Given India’s growing population, diversity and disease burden, providing quality healthcare to more than 1 billion people remains a daunting challenge. India has the second largest population in the world and is expected to overtake China within a decade. Currently, around 1.3 billion, India’s population has grown fourfold since independence.

Despite various measures by governments to improve healthcare services, access to care continues to be a neglected concept in India. However, over the past few decades, there has been ongoing movement in India toward recognizing health as a fundamental human right. In this regard, India has embarked upon a voyage of transforming its healthcare system with the goal of improving the quality of healthcare available to its population. Considering this, India’s newly approved National Health Policy (NHP) 2017 is a laudable step toward the goal of making healthcare accessible to all in India.

After a wait of 15 years since the last NHP was ratified, the Union Cabinet approved the new NHP on March 15, 2017 as explored in our Global Market Access Solution analysis. The policy will replace the 2002 NHP, which itself followed the first NHP issued in 1983. The earlier national health policies had the objective of achieving an acceptable standard of health among the general population. While progress was seen toward improving access to healthcare services, providing quality and affordable care to the entire population has remained an elusive goal. The socio-economic and epidemiological changes since that time demanded the formulation of the new NHP-2017 to address a host of emerging challenges.

The main objective of the NHP-2017 is to improve overall population health through a focus on health promotion and disease prevention. Primarily, the policy envisages achieving universal healthcare coverage and reducing the reliance on out-of-pocket spending.

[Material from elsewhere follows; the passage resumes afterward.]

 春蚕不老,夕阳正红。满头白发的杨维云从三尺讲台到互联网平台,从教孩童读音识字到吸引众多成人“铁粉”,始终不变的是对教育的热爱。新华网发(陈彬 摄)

It emphasizes restructuring and strengthening the public healthcare institutions with the goal of providing free access to essential drugs, diagnostics, and emergency services.

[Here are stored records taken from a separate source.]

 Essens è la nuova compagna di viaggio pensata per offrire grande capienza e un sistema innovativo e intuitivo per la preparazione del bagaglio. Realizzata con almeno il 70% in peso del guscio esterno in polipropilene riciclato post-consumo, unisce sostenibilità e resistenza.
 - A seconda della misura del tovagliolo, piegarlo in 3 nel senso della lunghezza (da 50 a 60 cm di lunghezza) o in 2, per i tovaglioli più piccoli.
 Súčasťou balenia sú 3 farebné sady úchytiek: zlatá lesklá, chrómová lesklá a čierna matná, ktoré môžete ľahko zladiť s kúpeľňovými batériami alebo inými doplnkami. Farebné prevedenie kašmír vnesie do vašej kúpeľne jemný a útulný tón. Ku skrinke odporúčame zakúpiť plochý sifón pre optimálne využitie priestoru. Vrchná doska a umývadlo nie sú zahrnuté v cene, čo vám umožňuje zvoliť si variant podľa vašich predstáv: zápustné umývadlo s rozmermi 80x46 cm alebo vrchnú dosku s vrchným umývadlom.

The NHP also advocates positive and proactive engagement with the private sector in order to leverage the sector’s strengths to achieve public health goals. The policy has assigned specific quantitative targets aimed at reducing disease prevalence/incidence, increasing life expectancy, and decreasing infant mortality. It further seeks to reinforce the health surveillance system and develop digital registries for diseases of public health importance by 2020.

For drug makers, one of the key highlights of the NHP is the government’s proposal to raise public health expenditure to 2.5% of GDP. With the increase in healthcare expenditure, the government aims to provide access to all citizens, which should be a boon to drug manufacturers with increased utilization of prescription drugs expected to follow. The NHP will also attempt to stimulate innovation and drug discovery by allocating adequate public funding for research and development in the country.

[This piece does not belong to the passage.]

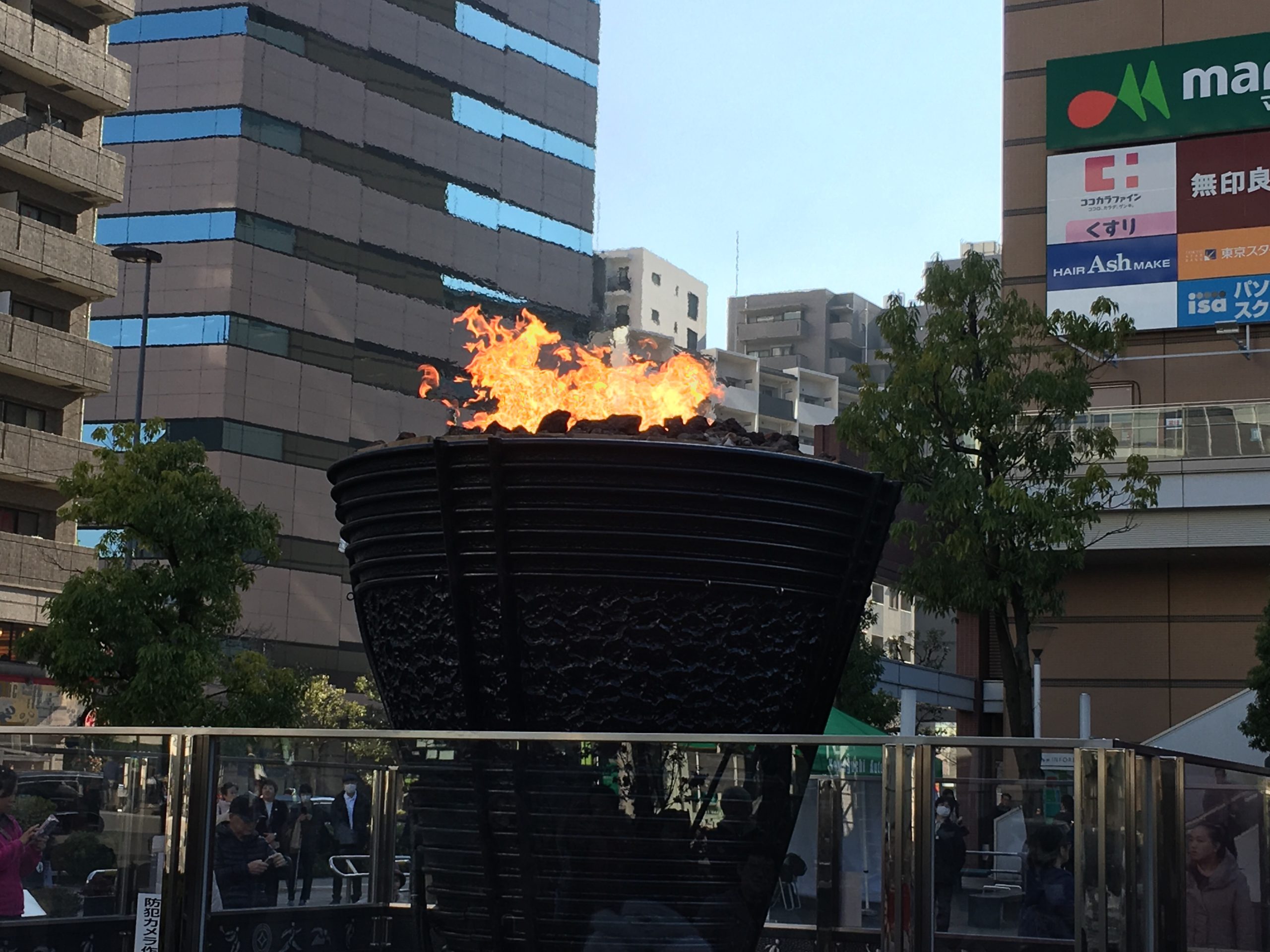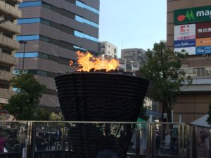 キュポラ広場にて本日午前11時から12時まで川口市の鈴木文吾さんや御遺族が作成した1964年の東京オリンピックの聖火台が灯火されていました。

NHP 2017 also affirms India’s commitment to developing an institutional framework and capacity for health technology assessment (HTA). Greater reliance on HTA is intended to assist healthcare decision makers through evidence-based, reliable, and transparent information on health technology effectiveness. This is a positive move as the development of HTA will ultimately aid in providing quality care, informing policy decisions, and supporting India’s goal of universal health coverage.

In addition, the policy targets integration of India’s AYUSH (Ayurveda, Yoga and Naturopathy, Unani, Siddha and Homoeopathy) treatments across the healthcare system. The government hopes that mainstreaming of AYUSH will help India inch toward meeting the goal of universal healthcare by improving access and strengthening the healthcare delivery system, especially in remote areas. Given that this approach promotes a higher reliance among patients on these cost-effective alternatives to allopathy, the change stands to negatively impact the pharma sector. Although the government is serious about promoting AYUSH, considering its questionable scientific evidence and lack of a transparent regulatory framework, this policy should still need to overcome several obstacles to implementation.

A number of reforms will specifically impact the pharmaceutical sector. India seeks to promote drugs as part of the Make in India program aimed at encouraging companies to manufacture their products domestically. The NHP also targets timely revisions to the country’s National List of Essential Medicines (NLEM), along with appropriate price control mechanisms and increasing generic drug uptake. While detrimental to the international innovative pharmaceuticals sector, incentivizing local manufacturing and promoting generic use could potentially generate health system savings to fund innovative medicines down the line.

The NHP-2017 is a progressive step to addressing the mounting healthcare concerns facing India today. However, successful implementation of this policy will be the key. There is a strong need for monitoring mechanisms to check the policy’s success as it moves toward concrete solutions. The policy’s execution will surely be plagued by formidable challenges arising from India’s ever-changing socio-economic inequalities with respect to income, ethnicity, education, and occupation. Inequalities in access to healthcare are also prevalent across India’s healthcare landscape due to both urban-rural and inter-state disparities.

While patient-centric and quality driven, it is worth noting that the new policy includes many recycled ideas that have ultimately failed to see the light of day in the past. Most importantly, there is also a lack of correlation between the goals set and the proposed public investment. Although the NHP-2017 looks highly ambitious with targets that together demonstrate a clear vision for a healthy India, putting the policy into practice will require consensus, commitment, and coordination between the central and state governments.